• Exercise requirements: Below are records to retype exactly, except for the pictures.

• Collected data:
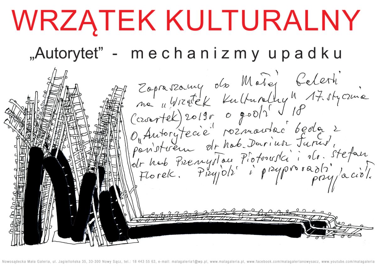 Nowosądecka Mała Galeria będzie miejscem kolejnej edycji „Wrzątku Kulturalnego", czyli publicznej wymiany poglądów na różne, ważne w życiu człowieka tematy. Tym razem spotkanie odbędzie się pod hasłem „Autorytet – mechanizmy upadku”. „Wrzątek” rozpocznie się 17 stycznia 2019 roku o godzinie 18:00.
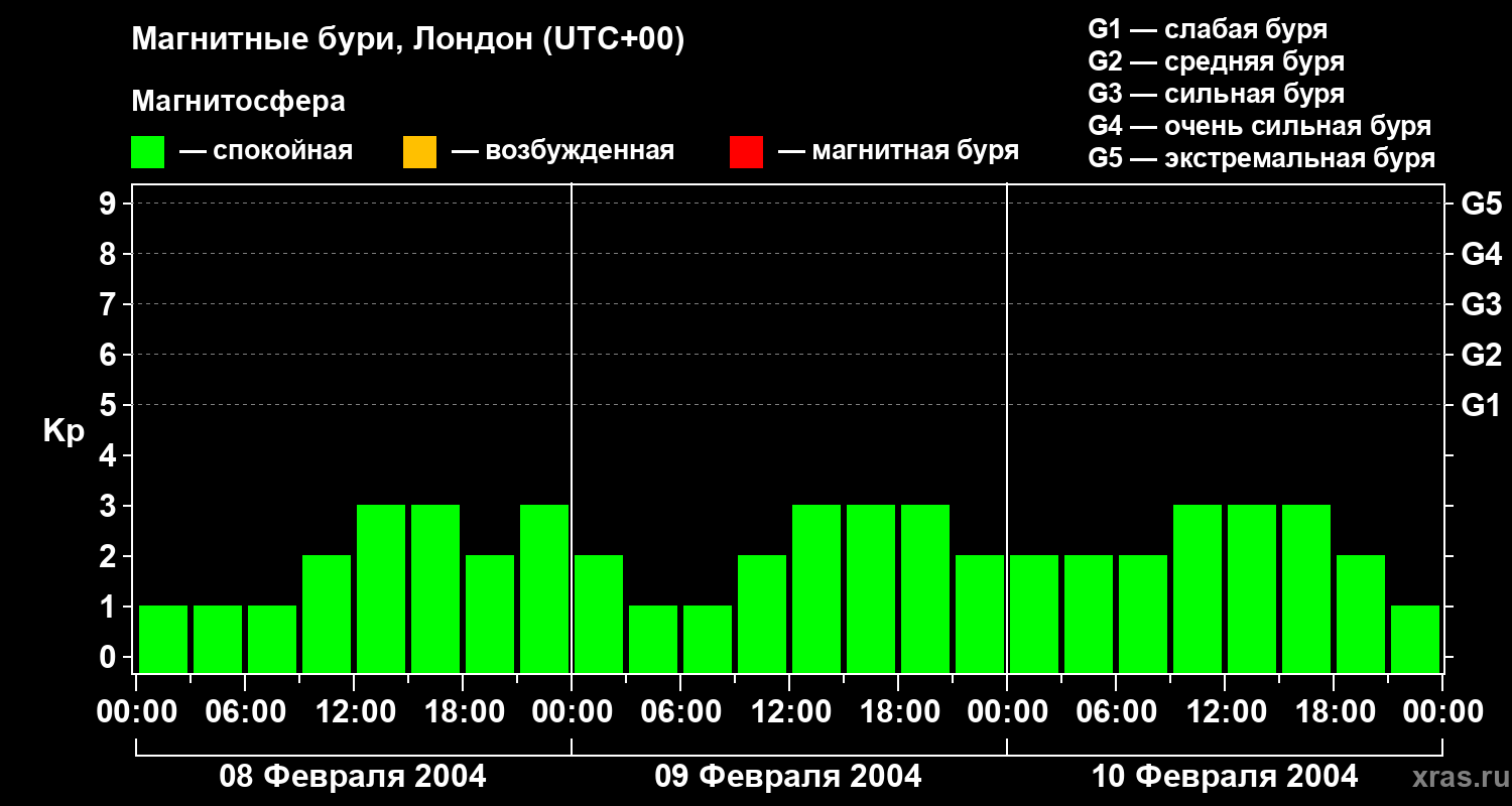 Изменения геомагнитного индекса Kp с 8 по 10 февраля 2004 года для средних широт
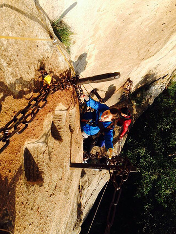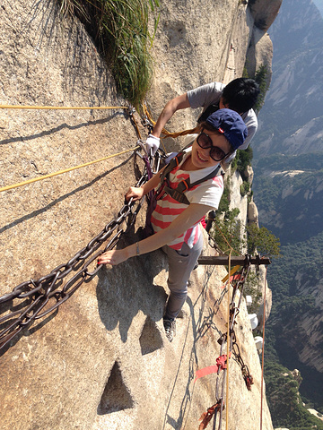 接着我们又前往南峰长空栈道,人好多(保险带30元每人)排了一个多小时才轮到我们,长空栈道是在一段20米长的台阶下面,下台阶也是垂直的,长空栈道大约30米,很好玩,脚下就是万丈深渊。贾平凹在《商州》里面曾写到,主人公在华山脚下捞尸体,摔下华山的人家属都会找人找到亲人尸体然后背上山,一次500元,好恐怖~
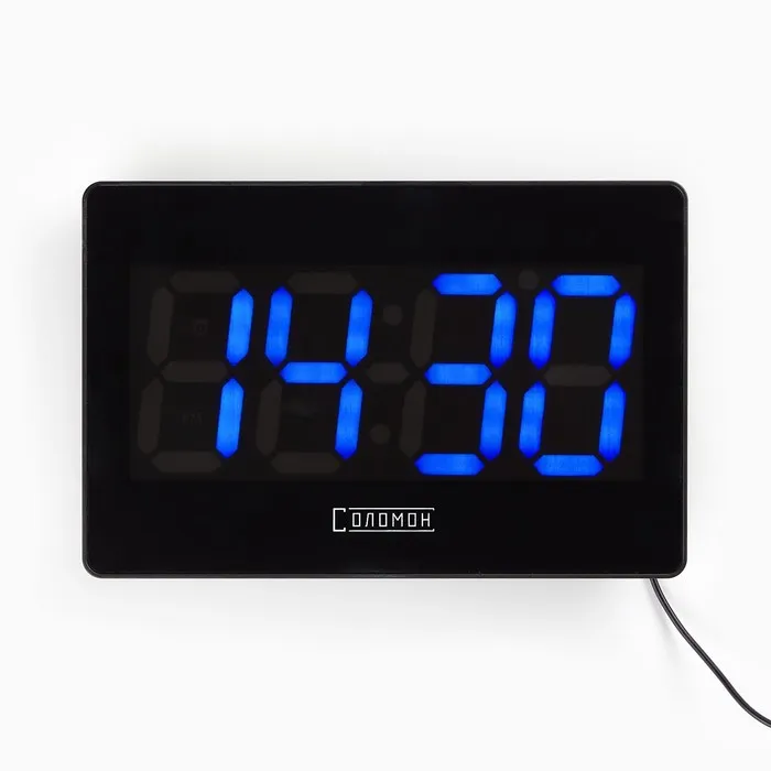 Часы электронные настенные, настольные "Соломон", с будильником, 15.5 х 23.5 см, синяя индикация, черные — Характеристики
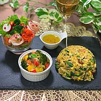 玉ねぎがなかったので、かわりにネギ多めで作りました!卵に入れる砂糖がおおすぎたかも。春菊消費するにはいいです!
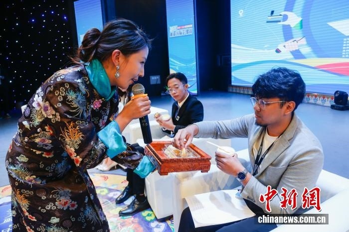 2024年8月18日,“同飲一江水 光影耀瀾湄”2024瀾湄國際影像周在青海省玉樹藏族自治州玉樹市正式啟動。圖為來自瀾滄江-湄公河流域國家的6名青年代表品嘗玉樹酸奶、奶酪等當?shù)靥厣r(nóng)畜產(chǎn)品。中新社記者 馬銘言 攝
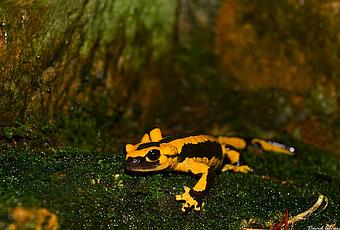 Salamandra común en una noche lluviosa entre las piedras del Monasterio de las PelayasAfortunadamente, muchas de esas falsas creencias ya se están perdiendo y gracias a la difusión de artículos, trabajos, o simplemente gracias al boca a boca, mucha gente está empezando a ver a las salamandras como lo que son, unos animales inofensivos, beneficiosos y además muy bonitos.
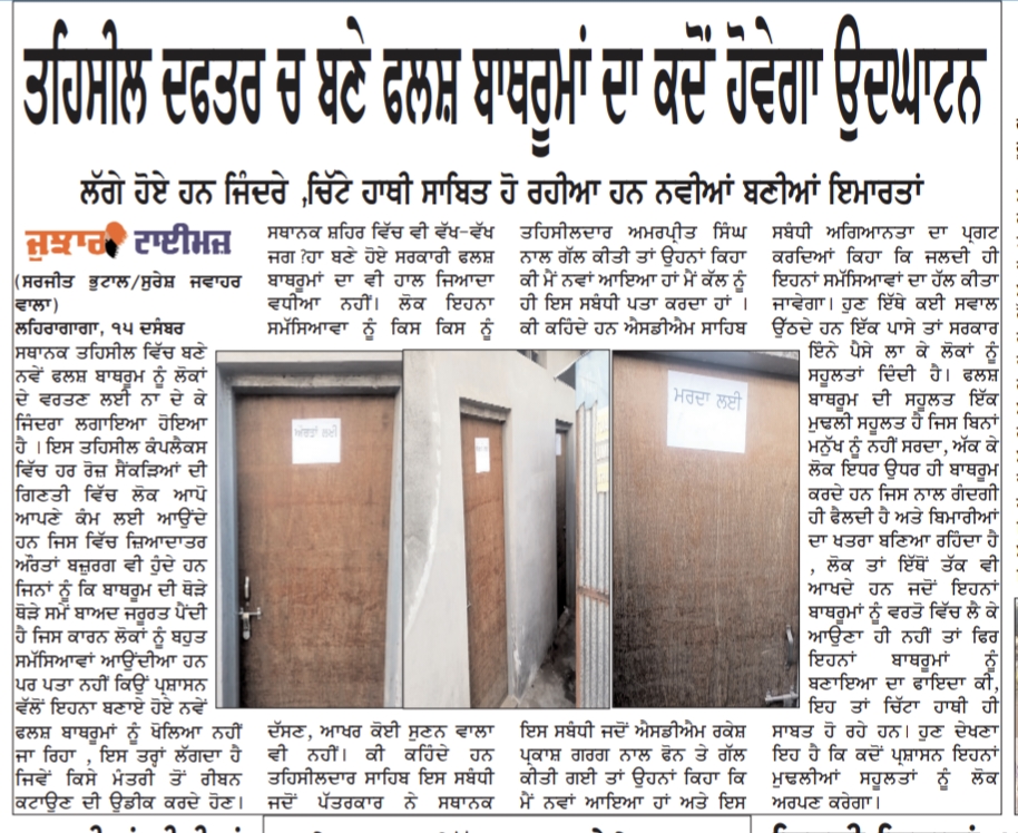 19 जनवरी: लहरागागा (सुरेश जवाहर वाला 90233-63132) जुझार टाइम्स अखबार में प्रमुखता से छपी खबर का तुरंत असर तब देखने को मिला जब SDM लहरा राकेश प्रकाश गर्ग के आदेश पर तहसील लहरा ऑफिस में बने बाथरूम आम जनता के लिए खोल दिए गए। बाथरूम लंबे समय से बंद होने की वजह से तहसील में काम करवाने आने वाले आम नागरिकों, बुजुर्गों और महिलाओं को भारी दिक्कतों का सामना करना पड़ रहा था।

• Problem solution:
 Nowosądecka Mała Galeria będzie miejscem kolejnej edycji „Wrzątku Kulturalnego", czyli publicznej wymiany poglądów na różne, ważne w życiu człowieka tematy. Tym razem spotkanie odbędzie się pod hasłem „Autorytet – mechanizmy upadku”. „Wrzątek” rozpocznie się 17 stycznia 2019 roku o godzinie 18:00.
 Изменения геомагнитного индекса Kp с 8 по 10 февраля 2004 года для средних широт
 接着我们又前往南峰长空栈道,人好多(保险带30元每人)排了一个多小时才轮到我们,长空栈道是在一段20米长的台阶下面,下台阶也是垂直的,长空栈道大约30米,很好玩,脚下就是万丈深渊。贾平凹在《商州》里面曾写到,主人公在华山脚下捞尸体,摔下华山的人家属都会找人找到亲人尸体然后背上山,一次500元,好恐怖~
 Часы электронные настенные, настольные "Соломон", с будильником, 15.5 х 23.5 см, синяя индикация, черные — Характеристики
 玉ねぎがなかったので、かわりにネギ多めで作りました!卵に入れる砂糖がおおすぎたかも。春菊消費するにはいいです!
 2024年8月18日,“同飲一江水 光影耀瀾湄”2024瀾湄國際影像周在青海省玉樹藏族自治州玉樹市正式啟動。圖為來自瀾滄江-湄公河流域國家的6名青年代表品嘗玉樹酸奶、奶酪等當?shù)靥厣r(nóng)畜產(chǎn)品。中新社記者 馬銘言 攝
 Salamandra común en una noche lluviosa entre las piedras del Monasterio de las PelayasAfortunadamente, muchas de esas falsas creencias ya se están perdiendo y gracias a la difusión de artículos, trabajos, o simplemente gracias al boca a boca, mucha gente está empezando a ver a las salamandras como lo que son, unos animales inofensivos, beneficiosos y además muy bonitos.
 19 जनवरी: लहरागागा (सुरेश जवाहर वाला 90233-63132) जुझार टाइम्स अखबार में प्रमुखता से छपी खबर का तुरंत असर तब देखने को मिला जब SDM लहरा राकेश प्रकाश गर्ग के आदेश पर तहसील लहरा ऑफिस में बने बाथरूम आम जनता के लिए खोल दिए गए। बाथरूम लंबे समय से बंद होने की वजह से तहसील में काम करवाने आने वाले आम नागरिकों, बुजुर्गों और महिलाओं को भारी दिक्कतों का सामना करना पड़ रहा था।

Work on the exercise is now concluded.